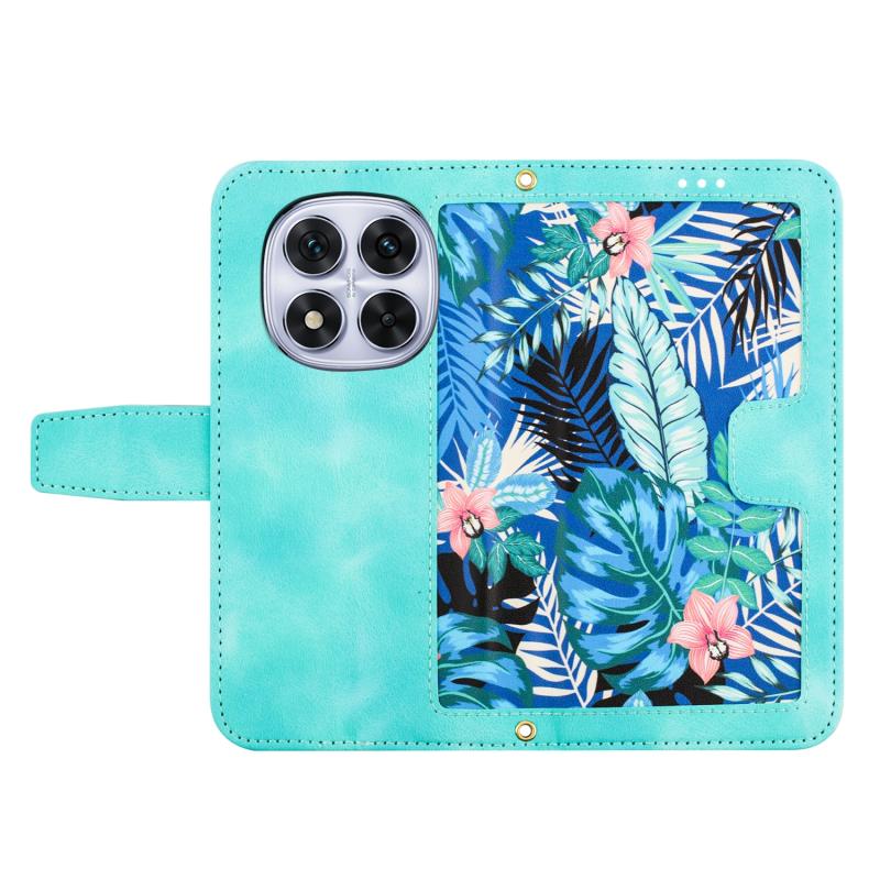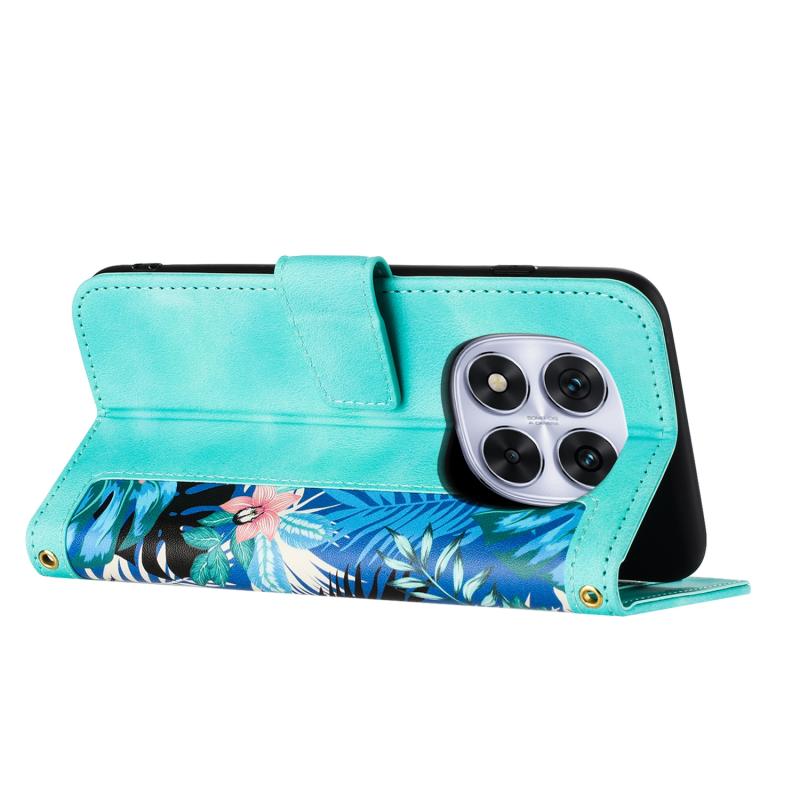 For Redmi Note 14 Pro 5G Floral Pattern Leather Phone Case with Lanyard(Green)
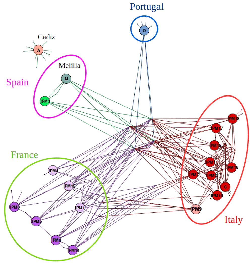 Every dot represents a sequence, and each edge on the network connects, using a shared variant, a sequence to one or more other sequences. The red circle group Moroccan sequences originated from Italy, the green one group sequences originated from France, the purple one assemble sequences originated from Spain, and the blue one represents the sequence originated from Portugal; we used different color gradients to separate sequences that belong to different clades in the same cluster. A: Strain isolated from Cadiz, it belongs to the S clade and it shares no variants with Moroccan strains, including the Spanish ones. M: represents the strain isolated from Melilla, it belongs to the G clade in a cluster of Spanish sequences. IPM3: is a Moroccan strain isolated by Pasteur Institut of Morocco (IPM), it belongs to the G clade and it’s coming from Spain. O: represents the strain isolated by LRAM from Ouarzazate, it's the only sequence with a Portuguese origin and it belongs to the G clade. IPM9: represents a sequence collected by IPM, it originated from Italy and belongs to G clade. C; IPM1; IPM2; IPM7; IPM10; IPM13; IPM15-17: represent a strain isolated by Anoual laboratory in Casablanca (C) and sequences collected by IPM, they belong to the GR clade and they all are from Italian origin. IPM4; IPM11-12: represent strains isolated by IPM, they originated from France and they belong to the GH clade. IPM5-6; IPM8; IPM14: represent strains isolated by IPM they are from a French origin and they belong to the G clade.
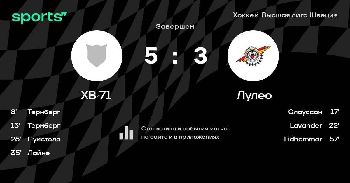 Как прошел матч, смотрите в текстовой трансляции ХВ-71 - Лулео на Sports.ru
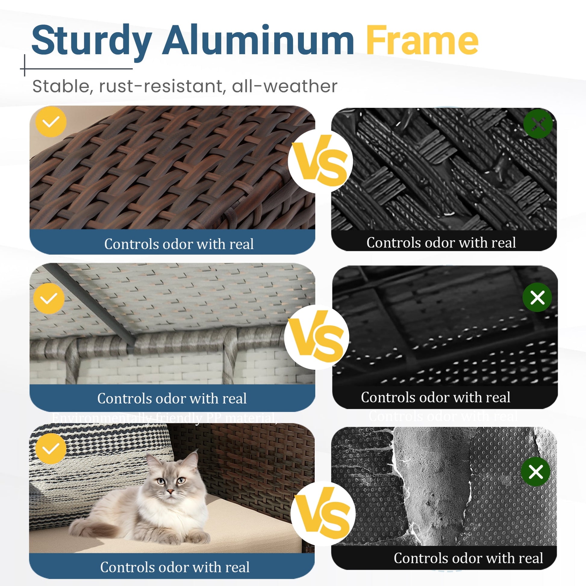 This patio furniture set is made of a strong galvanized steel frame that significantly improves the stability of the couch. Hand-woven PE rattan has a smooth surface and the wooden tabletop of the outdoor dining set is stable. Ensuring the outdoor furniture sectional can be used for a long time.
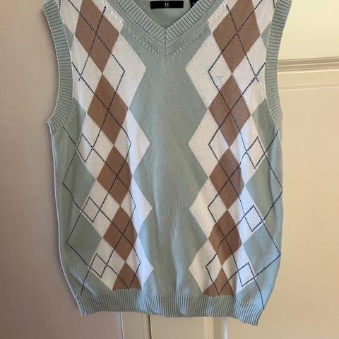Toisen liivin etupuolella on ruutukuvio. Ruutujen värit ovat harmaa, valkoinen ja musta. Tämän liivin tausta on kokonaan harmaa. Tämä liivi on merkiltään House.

About this exercise
Give back exactly the lines from the top of the records to the line containing "This patio furniture", both included, and no pictures.

Result of this task
 For Redmi Note 14 Pro 5G Floral Pattern Leather Phone Case with Lanyard(Green)
 Every dot represents a sequence, and each edge on the network connects, using a shared variant, a sequence to one or more other sequences. The red circle group Moroccan sequences originated from Italy, the green one group sequences originated from France, the purple one assemble sequences originated from Spain, and the blue one represents the sequence originated from Portugal; we used different color gradients to separate sequences that belong to different clades in the same cluster. A: Strain isolated from Cadiz, it belongs to the S clade and it shares no variants with Moroccan strains, including the Spanish ones. M: represents the strain isolated from Melilla, it belongs to the G clade in a cluster of Spanish sequences. IPM3: is a Moroccan strain isolated by Pasteur Institut of Morocco (IPM), it belongs to the G clade and it’s coming from Spain. O: represents the strain isolated by LRAM from Ouarzazate, it's the only sequence with a Portuguese origin and it belongs to the G clade. IPM9: represents a sequence collected by IPM, it originated from Italy and belongs to G clade. C; IPM1; IPM2; IPM7; IPM10; IPM13; IPM15-17: represent a strain isolated by Anoual laboratory in Casablanca (C) and sequences collected by IPM, they belong to the GR clade and they all are from Italian origin. IPM4; IPM11-12: represent strains isolated by IPM, they originated from France and they belong to the GH clade. IPM5-6; IPM8; IPM14: represent strains isolated by IPM they are from a French origin and they belong to the G clade.
 Как прошел матч, смотрите в текстовой трансляции ХВ-71 - Лулео на Sports.ru
 This patio furniture set is made of a strong galvanized steel frame that significantly improves the stability of the couch. Hand-woven PE rattan has a smooth surface and the wooden tabletop of the outdoor dining set is stable. Ensuring the outdoor furniture sectional can be used for a long time.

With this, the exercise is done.